Although there is a prospect Carroll may have to return to his parent club in time for the next pre-season, that would only be in the event of further haggling over his fee, with Newcastle United sure to rival West Ham and revive their interest in re-signing their former player.
It is still Liverpool’s intention to sell Carroll at the earliest opportunity, but as they proved last summer, not on the cheap.
Liverpool face West Ham United this weekend, although Carroll will be ineligible for the Anfield fixture under Premier League rules.
Brendan Rodgers, the Liverpool manager, plans to meet Carroll at the end of the campaign to discuss his future, but it will be made clear his position has not changed in the last 12 months, particularly as the Merseysiders have since added to their attacking options.
At best, Carroll would only be a squad player for Liverpool with Rodgers having already shaped his team in a way which he does not feel would suit the 24-year-old’s strengths.
There is no desire on the club’s part to have a highly paid player stuck on the bench, nor on Carroll’s to see his career stall when he wants to be a regular starter and has ambitions to force his way back into the England fold in time for the World Cup.
As it stands, West Ham is in the prime position to make Carroll a permanent signing. As part of their year-long loan offer, they secured the option to conclude a longer-term deal for £17 million if they avoided relegation.

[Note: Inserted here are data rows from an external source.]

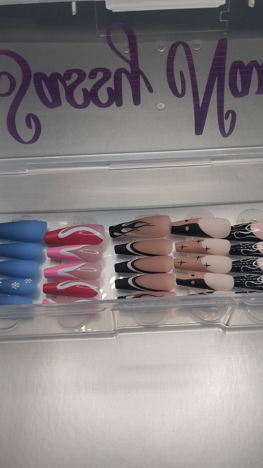 Sassy Nailz press ons storage boxes are so convenient. Store your new and reusable sets in one safe place. Each box holds 25-50 sets of nails. Choose box only, box with nail bags or box with display cards.
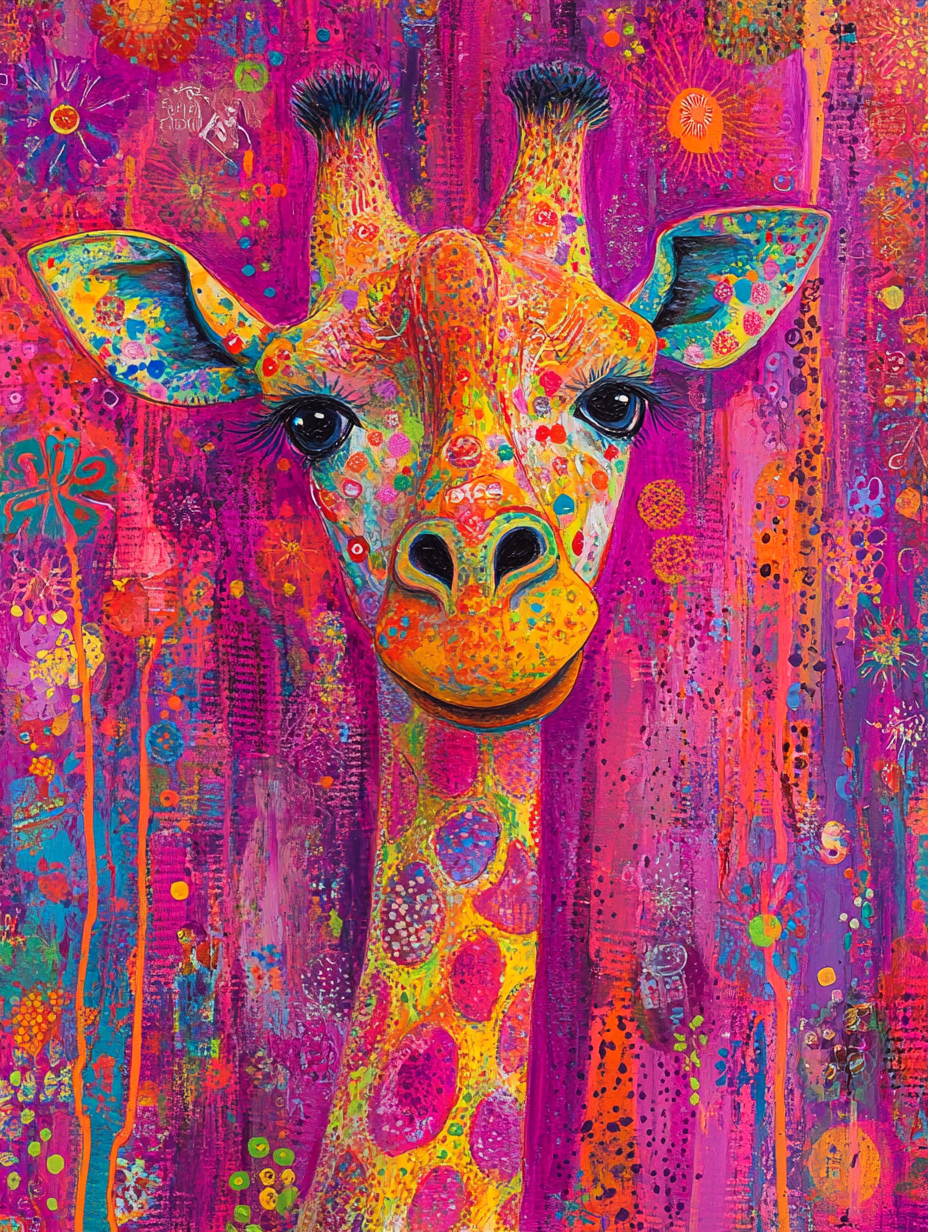 the silhouette of a giraffe with an abstract color Expressive surreal Poster # F024834
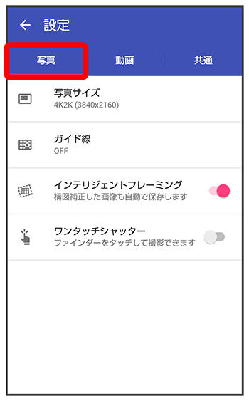 | ワンタッチシャッター | 画面をタップして撮るかどうかを設定します。 |
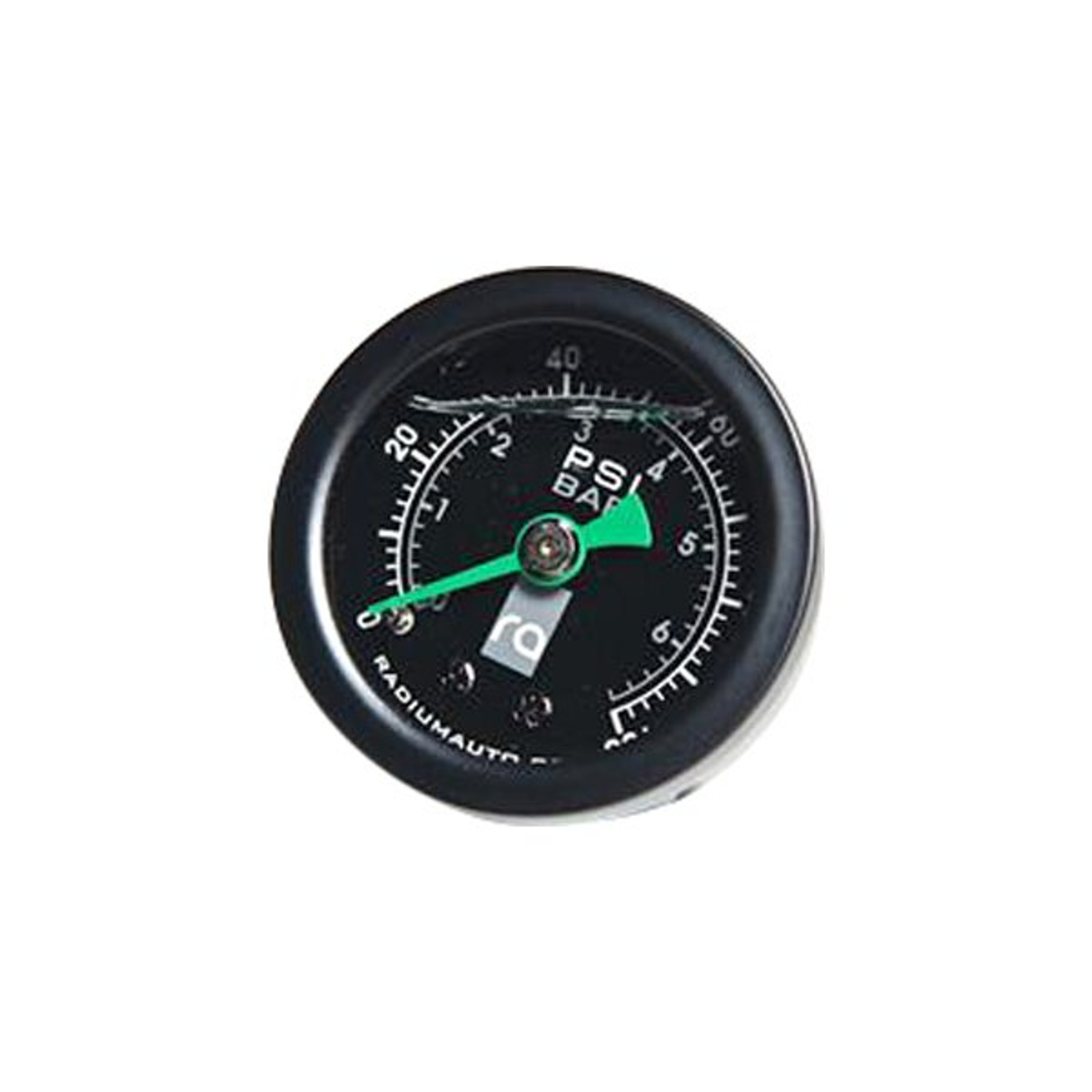 Radium Fuel Pressure Gauge with 6AN Inline Adapter Universal Fuel Pressure Gauge (20-0152) by Radium. This high-accuracy fuel pressure gauge is suitable for all fueling applications. It features an acrylic lens with a silicone filled dial that reads from 0 to 100psi (0 to 6.9 BAR) with +/- 2% accuracy. Silicone fluid prevents the needle from vibrating for easy pressure readings. The internal bubble is normal. Comes with -6AN Adapter.

Sam Allardyce’s side are relatively safe in mid-table, but there have been no discussions yet between the parties about triggering Carroll’s clause as it remains a substantial investment for the London club.
Carroll will also be weighing up his options, influenced by whether Allardyce - who has championed the former England striker and made it clear he wants to keep him - signs a new contract.
The issue will be further complicated by Newcastle’s lingering hopes of taking Carroll back to the North-East - providing they stay up.
They baulked at Liverpool’s asking price a year ago, refusing to pay more than £12 million for a player they sold for £35 million in January, 2011.
Liverpool, however, will reopen negotiations with Newcastle manager Alan Pardew if West Ham do not take up the option of buying Carroll because they are interested in discussing a potential player swap-deal.
Rodgers is an admirer of French midfielder Hatem Ben Arfa, whose form and fitness he has been monitoring throughout the season because he believes he could fit seamlessly into the Liverpool line-up.
Carroll has scored five goals in his 17 appearances for West Ham.
Liverpool has recruited Daniel Sturridge since allowing Carroll to go alone. Sturridge is already under pressure to add consistency to his natural talent having been left out of the side that defeated Aston Villa last weekend.
If Carroll returned to Anfield now, he would not even be guaranteed a place on the bench on a week-to-week basis.
Rodgers still needs to raise as many funds as possible by offloading those surplus to requirements while also keeping control of his squad’s wage bill so that underused players are not absorbing valuable resources. It all adds up to Carroll’s return being an inconvenience the club would have to reluctantly deal with as and when it happened, rather than a chance for a fresh start.